Based On — European Parliament as Data Model

This text on SQL is based on the EP-European Parliament as Data Model.

The European Parliament (EP) is the parliamentary institution of the European Union (EU).

The European Parliament is elected by the citizens of the European Union to represent their interests.

Its origins go back to the 1950s and the founding Treaties.
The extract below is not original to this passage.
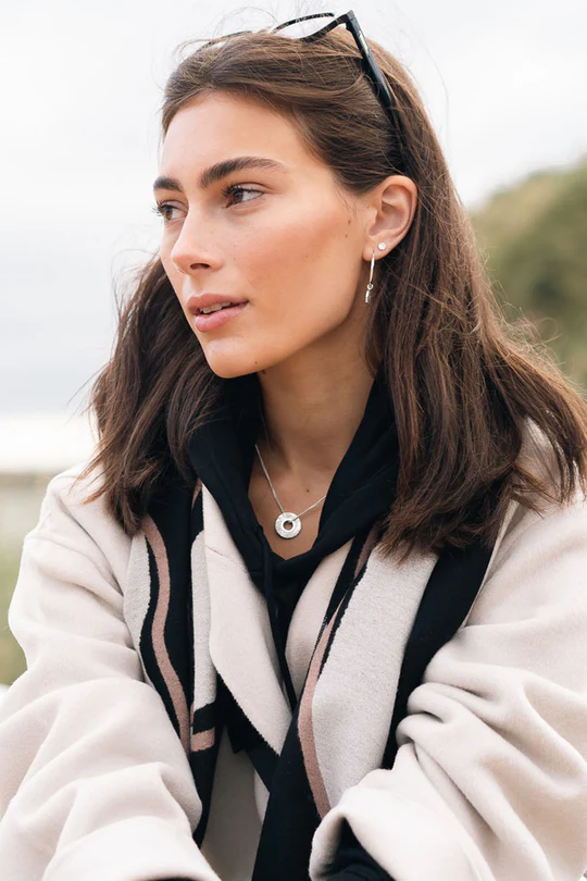 Brass base plated with Sterling Silver. Finished with an anti-tarnish, water resistant coating.

Since 1979 its members have been directly elected by the citizens of the EU.

Elections are held every five years, and every EU citizen is entitled to vote, and to stand as a candidate, wherever they live in the EU. Parliament thus expresses the democratic will of the European Union's nearly 500 million citizens and it represents their interests in discussions with the other EU institutions.

Please Note:

The sources for the data, which are all freely obtainable from the European Union website, and from several leaflets of the EU institutions, are listed in the References section.

These sources are used to create the fictitious Business Narrative of the "Data Modelling and Normalization" Chapter.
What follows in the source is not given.